I think there are a lot of factors here.

And I feel that a lot of

the factors aren't necessarily

technical in nature,

And they are more organizational

and more about the mindset

on how you approach

the data and how you approach data quality.

We recently

revisited

the can book about what does

quality mean in software draw

the

corollaries

to

the

data world. So, draw the corollaries to the data world.

So they talk a lot about embracing risk and

knowing that things will go wrong and knowing that something could fail, and then acknowledging that and planning

for those inevitable

failures.

And

in the data world,

sometimes

you just set up a pipeline and you say, great. The data's flowing. Everything's gonna be great.

And that lack of

understanding that something could go wrong in the future could lead to problems that you didn't expect.

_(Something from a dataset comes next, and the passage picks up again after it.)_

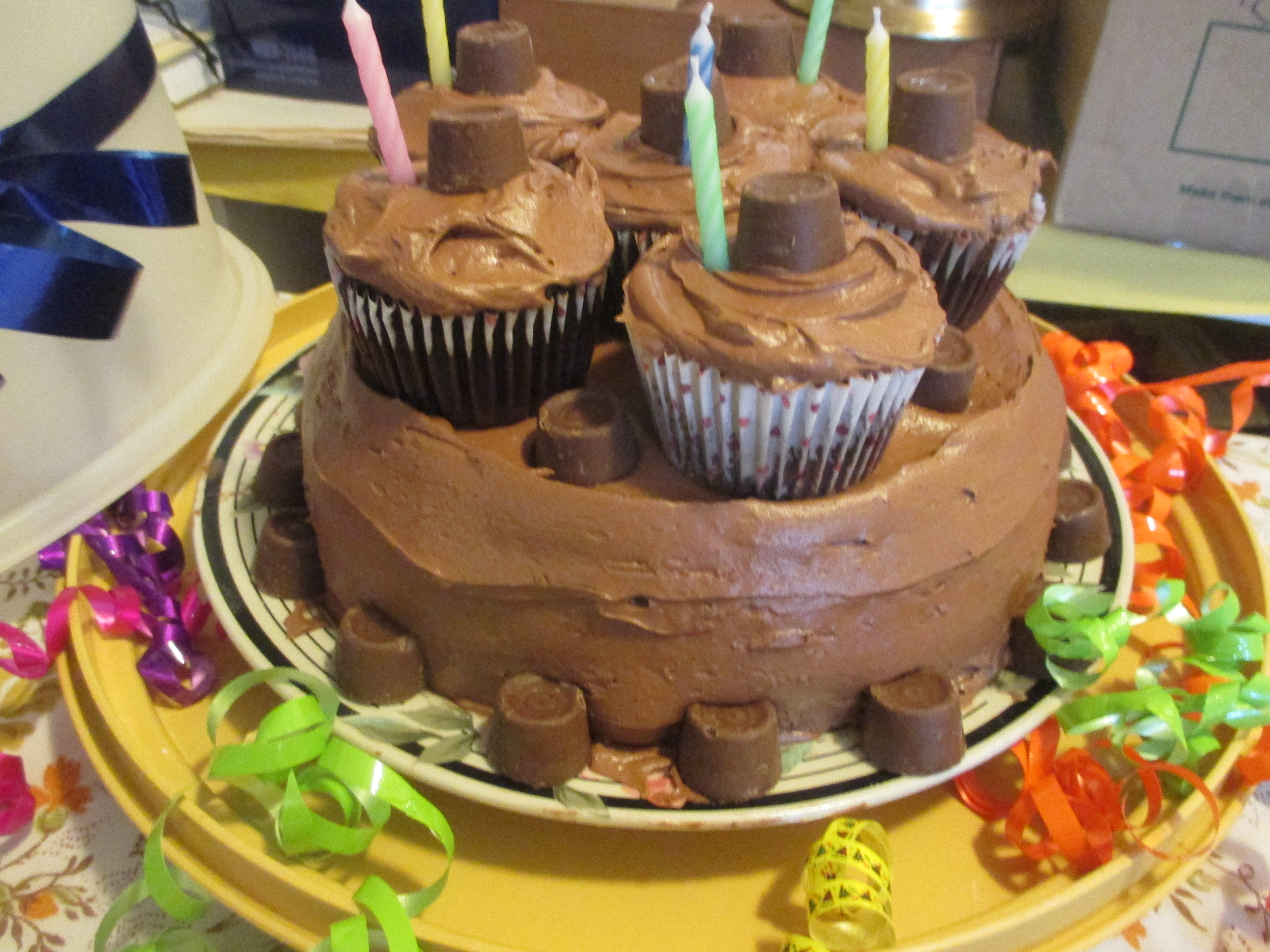 Yep, my plan was to frost the cake and the cupcakes one after the other when the frosting was ready, then put the cupcakes atop the frosted cake and decorate with Rolos and candles.

There's also a whole notion of

being able to measure

the quality.

In

software and SRE, this is pretty straightforward.

If a server is up, then it's up. If application is responding, if the latency is below a certain value, then that's good.

In data, it's a little bit trickier.

And

you need to be able to define

what you want to measure, how you want to measure that, and then constantly measure and monitor it for any changes.

And

having that ability to

define what you expect from your data

and monitor it and then expose that information in a meaningful way that somebody can take action off of it

is really what's going to drive

the adoption of data quality within your organization.

And

we

honestly think that the biggest barrier that most teams face to getting started and getting data quality off the ground is not being able to measure

the quality in the first place.

The overall,

if you wanna call it, revolution or evolution of the use of data in larger quantities

and for an increasing number of purposes has been going on for the better part of the last 1 or 2 decades.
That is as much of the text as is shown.